El papa Francisco: lo nuevo y lo de siempre
Le llegó su hora al papa Francisco. Descansa en paz. Él ya ha rendido su vida delante de Dios. Su suerte está echada. Nosotros nadie somos para enjuiciar su vida apenas consumada no porque era papa, sino porque era persona hecha a imagen y semejanza de su creador, y sólo él, misericordia infinita puede juzgarla amorosamente.
Nadie en la tierra puede llegar a tener tal alto ministerio: ser el representante del mismo Cristo. Como hombre nacido en Argentina justo en los comienzos de la guerra civil española, 1936, había cumplido 88 años. Jamás volvió a su país ni visitó España después de su elección al pontificado. El mundo es muy grande y él tendría sus razones.

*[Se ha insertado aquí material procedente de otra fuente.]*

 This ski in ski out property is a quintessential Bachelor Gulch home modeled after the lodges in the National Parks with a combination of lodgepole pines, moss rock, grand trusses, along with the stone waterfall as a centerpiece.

Gobernar la Iglesia católica durante 12 años es ardua tarea. No han faltado nunca desde su fundación facciones empeñadas en hacer las cosas a su manera, pero esas formas de hacer no siempre están de acuerdo con el Evangelio de los principios cuando se les dijo a los primeros que lo predicaran a todas las gentes, a todas las culturas, sin mitigar un ápice su contenido. Hoy, y ayer, se ha querido paliar su contenido de acuerdo con los tiempos y con la moda, pero tal cosa no puede ser porque el Autor de los contenidos evangélicos dejó claro que su "palabra" era la de quien le envió a este mundo: el Padre.
Esta seguridad deja claro que se debe volver al Evangelio, pues desde el principio ha estado vigente a pesar de los cambios en las culturas de los pueblos. No se trata de adecuarlo los tiempos sino de adecuarse a él a pesar de los tiempos. Estamos viviendo hoy en los límites del absurdo: lo que la naturaleza nos presenta con claridad, se trastoca por caprichos, por tendencias, por modas. En el principio, al nacer, por ejemplo, se "ve" si se trata de un hombre o mujer, según se lee el momento de la creación.
Por este y otros casos, la tarea de gobernar la Iglesia se convierte en un asunto delicado, si bien se tiene la seguridad de una tradición mantenida a través de los siglos, y aunque, como decía el papa Benedicto XVI, sólo nos quede en la Iglesia un "pequeño resto" a partir de él volveríamos a comenzar si fuera necesario, empujados por el amor, siendo éste lo único que cuenta.